(Beginning of Exercise input)

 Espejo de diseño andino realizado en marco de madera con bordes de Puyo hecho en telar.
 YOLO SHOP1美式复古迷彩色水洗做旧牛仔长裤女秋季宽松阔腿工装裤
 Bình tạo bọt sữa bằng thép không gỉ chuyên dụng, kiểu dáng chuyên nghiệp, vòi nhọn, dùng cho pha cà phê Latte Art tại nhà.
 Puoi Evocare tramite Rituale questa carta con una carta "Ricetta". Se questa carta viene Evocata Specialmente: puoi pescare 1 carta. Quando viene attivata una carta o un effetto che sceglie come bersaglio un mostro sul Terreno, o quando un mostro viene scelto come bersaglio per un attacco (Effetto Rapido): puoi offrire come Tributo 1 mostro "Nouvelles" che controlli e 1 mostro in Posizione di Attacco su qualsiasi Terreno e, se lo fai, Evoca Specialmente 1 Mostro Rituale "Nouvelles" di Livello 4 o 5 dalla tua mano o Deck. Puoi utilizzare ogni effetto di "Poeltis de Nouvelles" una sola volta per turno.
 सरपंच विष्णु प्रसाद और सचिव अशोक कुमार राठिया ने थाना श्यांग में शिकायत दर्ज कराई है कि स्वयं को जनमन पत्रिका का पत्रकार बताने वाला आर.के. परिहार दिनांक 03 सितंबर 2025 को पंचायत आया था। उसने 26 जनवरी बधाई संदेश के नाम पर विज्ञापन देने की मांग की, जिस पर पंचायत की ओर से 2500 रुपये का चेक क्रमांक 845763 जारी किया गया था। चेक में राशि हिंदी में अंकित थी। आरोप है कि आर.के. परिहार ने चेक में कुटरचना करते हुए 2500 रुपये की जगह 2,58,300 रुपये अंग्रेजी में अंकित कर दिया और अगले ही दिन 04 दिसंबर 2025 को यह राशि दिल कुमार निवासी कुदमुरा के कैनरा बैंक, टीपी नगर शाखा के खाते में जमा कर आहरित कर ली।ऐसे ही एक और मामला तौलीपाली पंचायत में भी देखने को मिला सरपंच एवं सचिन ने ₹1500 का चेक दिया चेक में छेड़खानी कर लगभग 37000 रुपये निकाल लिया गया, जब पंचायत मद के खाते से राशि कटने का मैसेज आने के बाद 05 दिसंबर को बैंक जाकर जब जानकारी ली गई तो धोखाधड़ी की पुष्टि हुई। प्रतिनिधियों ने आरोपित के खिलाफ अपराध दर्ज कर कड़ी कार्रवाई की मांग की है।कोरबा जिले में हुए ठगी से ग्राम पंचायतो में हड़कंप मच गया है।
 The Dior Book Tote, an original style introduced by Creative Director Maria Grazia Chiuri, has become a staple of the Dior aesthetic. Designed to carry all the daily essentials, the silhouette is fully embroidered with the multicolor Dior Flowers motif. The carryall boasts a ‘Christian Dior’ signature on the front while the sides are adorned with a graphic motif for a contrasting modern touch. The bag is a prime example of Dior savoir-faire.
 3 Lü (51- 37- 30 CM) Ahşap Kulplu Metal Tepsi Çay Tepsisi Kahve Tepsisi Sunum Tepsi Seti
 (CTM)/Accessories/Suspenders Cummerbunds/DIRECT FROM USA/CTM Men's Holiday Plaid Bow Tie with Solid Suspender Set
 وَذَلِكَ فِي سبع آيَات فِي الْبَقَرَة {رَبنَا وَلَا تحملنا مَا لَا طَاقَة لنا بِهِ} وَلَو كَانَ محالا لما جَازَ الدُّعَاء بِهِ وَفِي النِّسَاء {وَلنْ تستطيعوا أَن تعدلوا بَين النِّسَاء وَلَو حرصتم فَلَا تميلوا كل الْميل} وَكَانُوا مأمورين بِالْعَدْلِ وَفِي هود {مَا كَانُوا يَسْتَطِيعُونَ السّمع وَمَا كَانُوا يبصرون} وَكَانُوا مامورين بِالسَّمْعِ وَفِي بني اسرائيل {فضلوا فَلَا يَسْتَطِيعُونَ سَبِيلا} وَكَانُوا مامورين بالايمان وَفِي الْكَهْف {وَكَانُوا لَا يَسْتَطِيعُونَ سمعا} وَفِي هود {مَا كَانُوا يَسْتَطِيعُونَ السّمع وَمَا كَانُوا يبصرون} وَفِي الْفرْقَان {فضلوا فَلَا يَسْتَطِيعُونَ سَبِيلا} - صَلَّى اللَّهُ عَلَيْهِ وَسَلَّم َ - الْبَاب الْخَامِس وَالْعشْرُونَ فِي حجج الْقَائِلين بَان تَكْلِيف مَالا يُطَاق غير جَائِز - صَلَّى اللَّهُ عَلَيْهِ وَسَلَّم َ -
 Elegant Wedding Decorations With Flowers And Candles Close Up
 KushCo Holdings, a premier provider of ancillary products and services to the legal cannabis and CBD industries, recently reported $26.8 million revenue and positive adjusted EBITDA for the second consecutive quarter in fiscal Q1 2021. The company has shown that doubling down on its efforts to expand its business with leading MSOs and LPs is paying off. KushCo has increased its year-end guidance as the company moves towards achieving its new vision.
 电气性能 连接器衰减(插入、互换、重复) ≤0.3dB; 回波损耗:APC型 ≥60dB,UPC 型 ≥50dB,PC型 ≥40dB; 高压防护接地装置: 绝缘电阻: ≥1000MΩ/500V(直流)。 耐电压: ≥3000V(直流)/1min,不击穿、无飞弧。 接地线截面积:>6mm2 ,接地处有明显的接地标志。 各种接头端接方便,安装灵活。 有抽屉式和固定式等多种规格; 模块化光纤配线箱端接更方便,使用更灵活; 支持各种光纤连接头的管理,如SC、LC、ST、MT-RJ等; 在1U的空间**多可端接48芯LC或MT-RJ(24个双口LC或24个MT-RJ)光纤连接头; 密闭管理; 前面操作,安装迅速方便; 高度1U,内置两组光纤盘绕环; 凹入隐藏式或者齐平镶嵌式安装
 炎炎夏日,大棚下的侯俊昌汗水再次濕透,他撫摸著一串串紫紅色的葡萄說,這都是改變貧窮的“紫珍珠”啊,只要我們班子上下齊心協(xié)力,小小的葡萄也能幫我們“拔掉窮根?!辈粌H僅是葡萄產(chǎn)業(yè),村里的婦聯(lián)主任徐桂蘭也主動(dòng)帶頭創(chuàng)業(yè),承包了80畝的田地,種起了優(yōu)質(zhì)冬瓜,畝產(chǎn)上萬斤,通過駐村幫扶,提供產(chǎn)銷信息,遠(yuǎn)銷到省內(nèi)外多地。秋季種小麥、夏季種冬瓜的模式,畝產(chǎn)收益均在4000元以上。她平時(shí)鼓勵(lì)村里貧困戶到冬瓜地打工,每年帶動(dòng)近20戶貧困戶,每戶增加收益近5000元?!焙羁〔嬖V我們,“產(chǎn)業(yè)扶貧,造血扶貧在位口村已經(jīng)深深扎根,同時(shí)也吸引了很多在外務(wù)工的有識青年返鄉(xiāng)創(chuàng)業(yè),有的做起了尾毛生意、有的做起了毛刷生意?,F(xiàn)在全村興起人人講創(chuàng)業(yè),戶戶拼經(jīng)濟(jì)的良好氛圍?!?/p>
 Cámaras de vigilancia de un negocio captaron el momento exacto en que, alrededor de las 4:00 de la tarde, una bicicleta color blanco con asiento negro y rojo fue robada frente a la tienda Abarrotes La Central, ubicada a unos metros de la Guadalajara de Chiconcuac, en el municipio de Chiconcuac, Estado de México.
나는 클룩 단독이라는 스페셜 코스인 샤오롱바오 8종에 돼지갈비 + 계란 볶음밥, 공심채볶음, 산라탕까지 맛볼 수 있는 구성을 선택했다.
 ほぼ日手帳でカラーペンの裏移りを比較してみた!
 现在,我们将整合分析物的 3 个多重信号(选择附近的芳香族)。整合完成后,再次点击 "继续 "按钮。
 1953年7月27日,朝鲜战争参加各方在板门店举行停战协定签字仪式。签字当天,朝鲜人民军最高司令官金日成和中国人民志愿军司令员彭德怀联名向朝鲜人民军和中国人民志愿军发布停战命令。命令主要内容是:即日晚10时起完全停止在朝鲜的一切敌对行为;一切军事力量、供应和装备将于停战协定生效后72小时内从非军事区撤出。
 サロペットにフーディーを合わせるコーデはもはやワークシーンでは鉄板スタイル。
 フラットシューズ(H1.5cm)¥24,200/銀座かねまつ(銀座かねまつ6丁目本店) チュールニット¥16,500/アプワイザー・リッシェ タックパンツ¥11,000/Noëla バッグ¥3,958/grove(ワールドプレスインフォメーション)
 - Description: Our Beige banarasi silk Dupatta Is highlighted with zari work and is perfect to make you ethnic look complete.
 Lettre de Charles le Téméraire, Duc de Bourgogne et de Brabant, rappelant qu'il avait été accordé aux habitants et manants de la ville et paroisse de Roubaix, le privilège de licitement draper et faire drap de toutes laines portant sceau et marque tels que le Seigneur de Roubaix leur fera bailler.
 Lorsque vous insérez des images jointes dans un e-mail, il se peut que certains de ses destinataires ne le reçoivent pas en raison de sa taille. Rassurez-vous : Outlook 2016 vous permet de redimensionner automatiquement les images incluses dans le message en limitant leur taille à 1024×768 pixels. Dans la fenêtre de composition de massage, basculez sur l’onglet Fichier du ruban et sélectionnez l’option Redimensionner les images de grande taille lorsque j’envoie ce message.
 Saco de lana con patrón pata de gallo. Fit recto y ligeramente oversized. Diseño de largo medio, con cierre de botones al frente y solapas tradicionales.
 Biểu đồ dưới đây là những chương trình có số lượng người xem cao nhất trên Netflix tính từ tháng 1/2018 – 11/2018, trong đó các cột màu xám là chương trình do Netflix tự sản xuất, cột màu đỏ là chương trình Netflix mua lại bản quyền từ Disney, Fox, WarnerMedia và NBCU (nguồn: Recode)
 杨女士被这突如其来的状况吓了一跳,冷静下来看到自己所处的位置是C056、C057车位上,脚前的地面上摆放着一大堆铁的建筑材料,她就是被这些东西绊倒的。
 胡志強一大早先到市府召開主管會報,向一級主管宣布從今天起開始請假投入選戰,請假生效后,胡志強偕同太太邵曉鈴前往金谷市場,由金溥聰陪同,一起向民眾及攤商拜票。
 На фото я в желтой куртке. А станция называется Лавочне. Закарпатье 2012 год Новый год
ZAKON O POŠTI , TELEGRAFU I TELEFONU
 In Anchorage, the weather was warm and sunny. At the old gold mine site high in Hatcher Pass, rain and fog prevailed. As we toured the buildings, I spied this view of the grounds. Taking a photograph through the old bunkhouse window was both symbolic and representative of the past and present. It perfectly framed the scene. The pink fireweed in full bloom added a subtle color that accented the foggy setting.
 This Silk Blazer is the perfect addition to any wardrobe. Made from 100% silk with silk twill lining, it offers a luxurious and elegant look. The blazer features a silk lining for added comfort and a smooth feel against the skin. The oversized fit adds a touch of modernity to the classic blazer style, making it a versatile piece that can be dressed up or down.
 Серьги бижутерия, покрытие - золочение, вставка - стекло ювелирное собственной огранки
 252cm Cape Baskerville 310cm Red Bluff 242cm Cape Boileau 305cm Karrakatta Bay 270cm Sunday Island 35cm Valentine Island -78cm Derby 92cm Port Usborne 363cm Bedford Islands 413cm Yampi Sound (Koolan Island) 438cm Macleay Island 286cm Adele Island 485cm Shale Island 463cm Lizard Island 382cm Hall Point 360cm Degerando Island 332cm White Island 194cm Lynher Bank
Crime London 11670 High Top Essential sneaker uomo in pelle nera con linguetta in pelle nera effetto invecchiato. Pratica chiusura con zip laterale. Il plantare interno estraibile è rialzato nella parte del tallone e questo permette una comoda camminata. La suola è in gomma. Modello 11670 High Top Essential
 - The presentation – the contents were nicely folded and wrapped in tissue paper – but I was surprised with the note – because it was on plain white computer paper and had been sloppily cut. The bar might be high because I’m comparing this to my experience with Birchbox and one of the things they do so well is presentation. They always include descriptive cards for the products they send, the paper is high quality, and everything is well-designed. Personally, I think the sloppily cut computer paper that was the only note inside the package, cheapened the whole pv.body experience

(End of Exercise input)

• [Exercise objective] Using the records above, restate word for word the lines from the one with "Biểu đồ dưới" through the one with "ZAKON O POŠTI , TELEGRAFU I TELEFONU", both included.

• [Task result]
 Biểu đồ dưới đây là những chương trình có số lượng người xem cao nhất trên Netflix tính từ tháng 1/2018 – 11/2018, trong đó các cột màu xám là chương trình do Netflix tự sản xuất, cột màu đỏ là chương trình Netflix mua lại bản quyền từ Disney, Fox, WarnerMedia và NBCU (nguồn: Recode)
 杨女士被这突如其来的状况吓了一跳,冷静下来看到自己所处的位置是C056、C057车位上,脚前的地面上摆放着一大堆铁的建筑材料,她就是被这些东西绊倒的。
 胡志強一大早先到市府召開主管會報,向一級主管宣布從今天起開始請假投入選戰,請假生效后,胡志強偕同太太邵曉鈴前往金谷市場,由金溥聰陪同,一起向民眾及攤商拜票。
 На фото я в желтой куртке. А станция называется Лавочне. Закарпатье 2012 год Новый год
ZAKON O POŠTI , TELEGRAFU I TELEFONU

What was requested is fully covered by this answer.